处理器简介 - III

来源：互联网发布：淘宝搜索引擎编辑：程序博客网时间：2024/05/19 15:21

最近正在看《Virtual Machines: Versatile Platforms for Systems and Processes》，发现在虚拟机层面涉及了很多热点技术，当然，处理器、OS、Compiler等等，都是重点，这里要继续处理器的学习，很多精彩技术，我就再接再厉，及时看看有没有可以相互借鉴的地方。

概念7：Predication (论断)

Branch Instructions really hurt the performance. – The processor pipeline is flushed, and the instruction cache is potentially flushed. 为什么分支结构指令会导致性能受损？因为CPU的执行过程是从Memory里面取数据，然后即将执行的数据放在Cache里面，但是Branch Instruction的存在有可能会引导CPU去执行一个非常“突兀”的指令，这个指令要么不在Cache里面，要么在Cache里面很远的地方，都会使Cache里面的数据处于基本无效的状态，需要重新执行前面的行动，很多操作都相当于“无用功”。为什么要引入if-then结构的Instruction branch呢？——这是带入Standard Branch的好处，至少可以知道下一步会去哪里，而不是突然冒出一个指令，引入“突兀”操作。什么叫做Flush呢？为什么要Flush？——Flush就是放弃现在手上正在执行的一堆指令，重新Load新的指令，然后重新执行。而且Flush是无法避免的，我们所能够做的就是尽量限制不得不Flush的那堆数据/指令的大小，通过利用Standard branch，利用Predication技术，可以找出即将执行的指令和潜在执行的指令，然后这些就是经过限制后的数量最少/带来影响最少的那堆数据/指令，然后我们就把Flush的损失控制在了最小。这里再给出一个更加专业的术语，那就是Cache Flush和Pipeline Flush，前者是没有采用Predication技术的时候，CPU利用率不够的情况下，出现的症状，后者是采用了Predication技术，提高了CPU利用率的时候，仍然需要付出的代价。

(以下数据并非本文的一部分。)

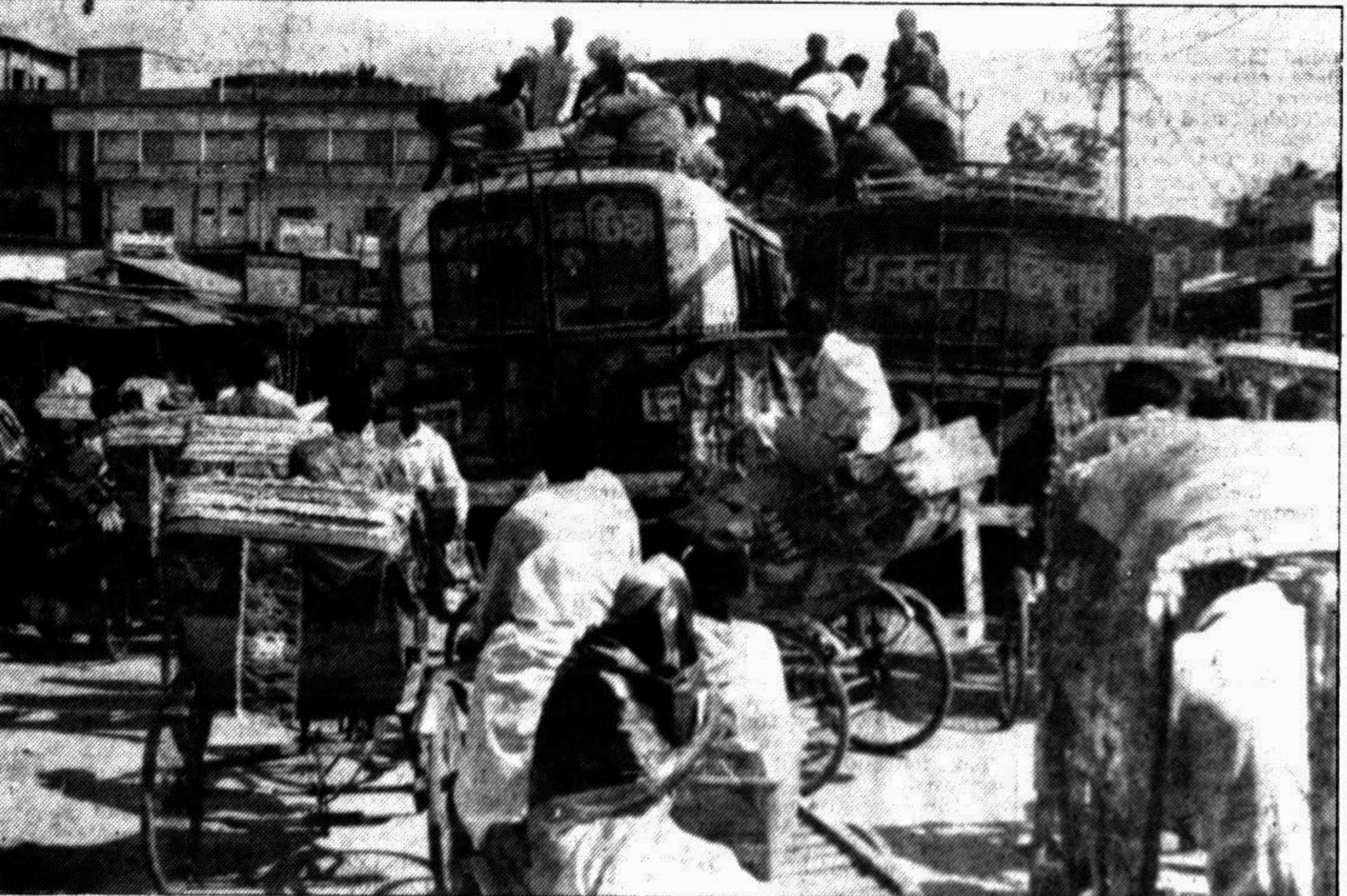
JHENIDAH: A common scene in Jhenidah town. In absence of a bus terminal the interdistrict buses specially from Khulna, Kushtia, Faridpur, Satkhira and few other neighbouring districts make short stoppages to pick up passengers. Consequently the waiting buses create traffic jams seriously disrupting traffic movement in the entire city centre.
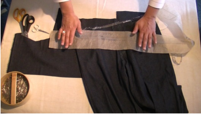
You will need a tape measure and your pattern.

So for this part you need a tape measure and the waistband pattern piece. When you measure the top of your jeans, open the fly and start at one end. Remember to add on 2 cm seam allowance for each end as you need this when you attach the waistband. Measure around the whole top of your jeans in one continuous line.
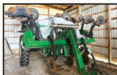
2022 Unverferth Nutri-max 1800 17 knife fertilizer applicator , 14.9R46, chemical inductor, JD rate controller, only used on 420 acres
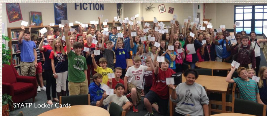
SYATP Locker Cards

Predicate logic is where you execute both branches of the code stream before you have figured out which of the branches you are going to take. You can execute instructions from both potential branch targets, while you are executing the instruction (often a load followed by a compare) to figure out which branch you are going to take. Then you simply throw away all of the results from the branch you *didn’t* take, and continue on with the results of the branch you did take. This is often a huge win, because it optimizes the use of the cache and it doesn’t force you to stall the entire job and all of its threads waiting for a memory fetch. ——后面仍有不足，但已经是经过优化的结果了。We still have are branches and the costly penalties associated with making the wrong choice – pipeline flushes。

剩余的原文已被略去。